WASHINGTON - May 01, 2008 -

The nation will celebrate the contributions of Asian Americans and Pacific Islanders in May, Asian Pacific American Heritage Month.  During the annual observance, the National Education Association is offering educators a tool that provides a snapshot of the API experience in the classroom: Focus On: Asian Americans and Pacific Islanders, Out of the Past, In the Present, Toward the Future.

“We know that schools are becoming increasingly diverse,” said Reg Weaver, president of NEA.  “Diversity is – and has always been – one of this country’s greatest strengths.
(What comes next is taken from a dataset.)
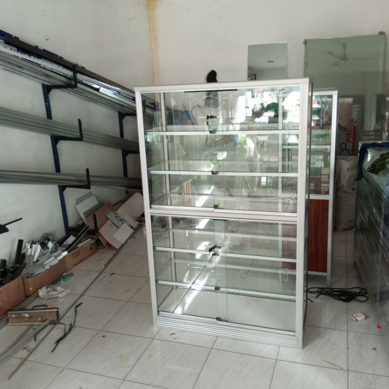 Etalase Tinggi 150cm Aluminium Kaca Bening

So we embrace that diversity and emphasize the importance of cultural understanding.  When education employees know something about students’ culture or background, they can incorporate culture into the classroom and make adjustments in teaching techniques to accommodate cultural differences, creating schools that are more inclusive.”

Focus On: Asian Americans and Pacific Islanders is one of a series of publications dedicated to diverse student groups.  It is available online and provides a wealth of information, including:

• How API Students Differ from One Another: Factors such as English proficiency, length of U.S. residency and income can affect a student’s achievement.  Getting to know the individual backgrounds and histories of API students and their families goes a long way in addressing their educational needs.

• Gaps in Student Achievement: The “model minority myth” promotes the false assumption that all APIs succeed in school.  Focus On highlights research that identifies which API students are likely to thrive academically and which students might need help.

• API School Personnel: Asian Pacific Islanders face social, financial, cultural, and linguistic barriers in trying to enter the field of education.  Perhaps due to these factors, the number of API school personnel has not kept pace with the number of API students in the U.S.  Focus On offers helpful advice on recruiting and retaining API educators.

“The usefulness of this resource is not just limited to educators,” added Weaver.  “We encourage parents and community members to also read Focus On to help them better understand and help API children and the API community.”

In addition to Focus On, NEA offers online lesson ideas for educators to commemorate Asian Pacific American Heritage Month.  NEA also provides suggested API book lists for students in grades K-12.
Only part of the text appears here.